*** Opening of Data for review ***

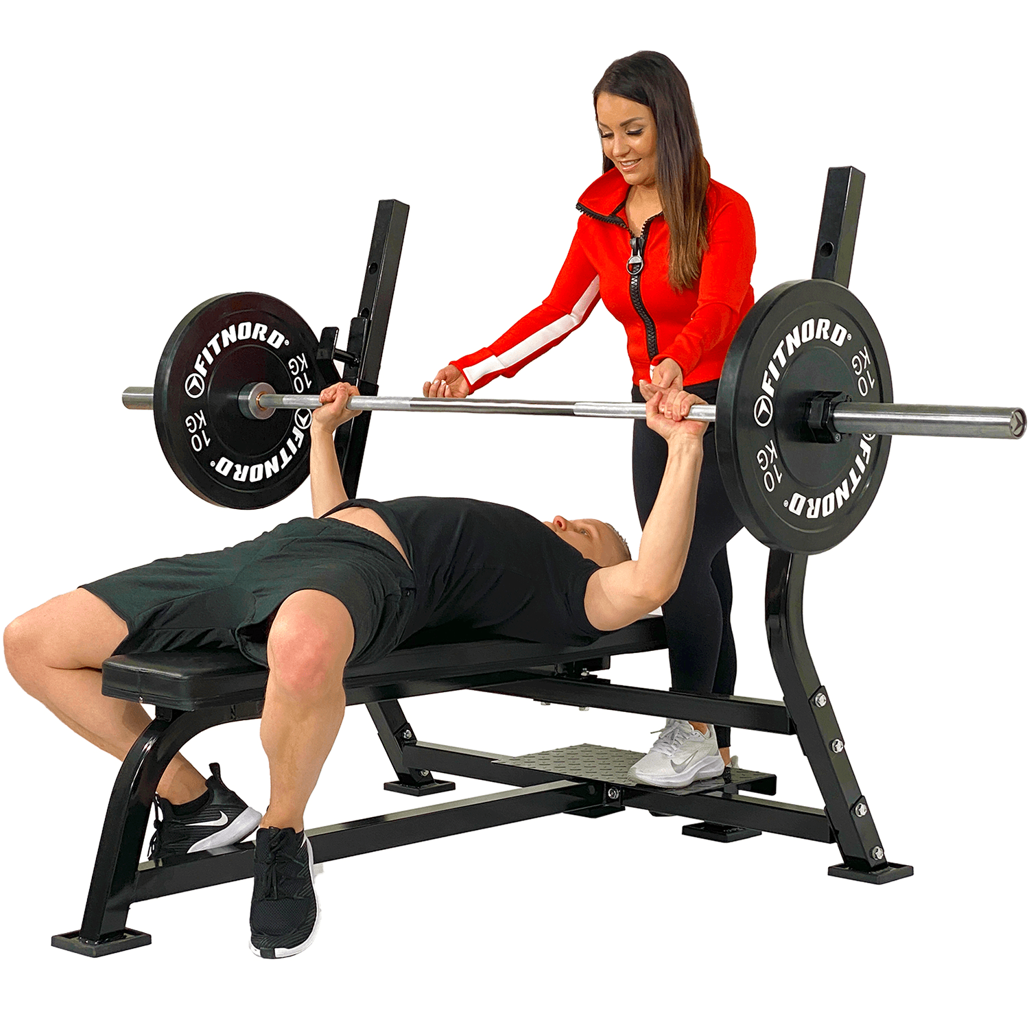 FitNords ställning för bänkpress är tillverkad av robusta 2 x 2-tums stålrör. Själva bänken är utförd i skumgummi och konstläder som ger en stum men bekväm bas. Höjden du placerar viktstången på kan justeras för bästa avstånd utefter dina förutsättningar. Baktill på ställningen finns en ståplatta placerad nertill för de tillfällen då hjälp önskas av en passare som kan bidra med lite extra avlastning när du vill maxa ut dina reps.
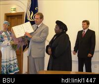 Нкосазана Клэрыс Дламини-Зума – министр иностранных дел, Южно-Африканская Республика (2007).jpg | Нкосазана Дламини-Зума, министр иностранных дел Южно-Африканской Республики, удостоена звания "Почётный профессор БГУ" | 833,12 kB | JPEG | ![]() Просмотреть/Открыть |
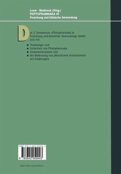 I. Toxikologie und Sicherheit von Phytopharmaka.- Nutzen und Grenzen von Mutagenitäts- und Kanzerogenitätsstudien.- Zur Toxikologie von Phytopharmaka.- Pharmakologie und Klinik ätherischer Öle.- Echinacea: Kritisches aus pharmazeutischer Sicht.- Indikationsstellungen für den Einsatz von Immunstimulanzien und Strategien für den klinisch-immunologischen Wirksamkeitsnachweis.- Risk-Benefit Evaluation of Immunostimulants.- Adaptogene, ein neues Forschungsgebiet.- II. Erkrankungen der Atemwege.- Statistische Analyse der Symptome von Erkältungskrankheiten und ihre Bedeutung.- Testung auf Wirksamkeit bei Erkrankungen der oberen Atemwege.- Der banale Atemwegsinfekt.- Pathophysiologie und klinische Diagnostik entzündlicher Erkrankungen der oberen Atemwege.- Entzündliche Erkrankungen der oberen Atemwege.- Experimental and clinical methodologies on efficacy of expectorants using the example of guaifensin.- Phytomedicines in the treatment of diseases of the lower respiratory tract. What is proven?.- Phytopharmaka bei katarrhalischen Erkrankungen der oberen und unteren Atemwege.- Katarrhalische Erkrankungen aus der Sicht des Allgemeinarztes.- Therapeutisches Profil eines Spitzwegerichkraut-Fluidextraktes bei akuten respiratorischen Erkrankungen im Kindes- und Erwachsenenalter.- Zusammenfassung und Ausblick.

*** Close of Data for review ***
*** Opening of Data for review ***

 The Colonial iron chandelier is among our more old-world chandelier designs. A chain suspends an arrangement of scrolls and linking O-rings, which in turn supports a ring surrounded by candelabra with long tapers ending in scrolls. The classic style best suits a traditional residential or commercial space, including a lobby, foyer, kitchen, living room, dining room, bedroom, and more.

*** Close of Data for review ***

**Exercise directions**
Please copy out from the data above, without any picture, exactly the lines running from the one that holds "Нкосазана Клэрыс Дламини-Зума" through the one that holds "I. Toxikologie und", and nothing beyond them.

**Response for this exercise**
 Нкосазана Клэрыс Дламини-Зума – министр иностранных дел, Южно-Африканская Республика (2007).jpg | Нкосазана Дламини-Зума, министр иностранных дел Южно-Африканской Республики, удостоена звания "Почётный профессор БГУ" | 833,12 kB | JPEG | ![]() Просмотреть/Открыть |
 I. Toxikologie und Sicherheit von Phytopharmaka.- Nutzen und Grenzen von Mutagenitäts- und Kanzerogenitätsstudien.- Zur Toxikologie von Phytopharmaka.- Pharmakologie und Klinik ätherischer Öle.- Echinacea: Kritisches aus pharmazeutischer Sicht.- Indikationsstellungen für den Einsatz von Immunstimulanzien und Strategien für den klinisch-immunologischen Wirksamkeitsnachweis.- Risk-Benefit Evaluation of Immunostimulants.- Adaptogene, ein neues Forschungsgebiet.- II. Erkrankungen der Atemwege.- Statistische Analyse der Symptome von Erkältungskrankheiten und ihre Bedeutung.- Testung auf Wirksamkeit bei Erkrankungen der oberen Atemwege.- Der banale Atemwegsinfekt.- Pathophysiologie und klinische Diagnostik entzündlicher Erkrankungen der oberen Atemwege.- Entzündliche Erkrankungen der oberen Atemwege.- Experimental and clinical methodologies on efficacy of expectorants using the example of guaifensin.- Phytomedicines in the treatment of diseases of the lower respiratory tract. What is proven?.- Phytopharmaka bei katarrhalischen Erkrankungen der oberen und unteren Atemwege.- Katarrhalische Erkrankungen aus der Sicht des Allgemeinarztes.- Therapeutisches Profil eines Spitzwegerichkraut-Fluidextraktes bei akuten respiratorischen Erkrankungen im Kindes- und Erwachsenenalter.- Zusammenfassung und Ausblick.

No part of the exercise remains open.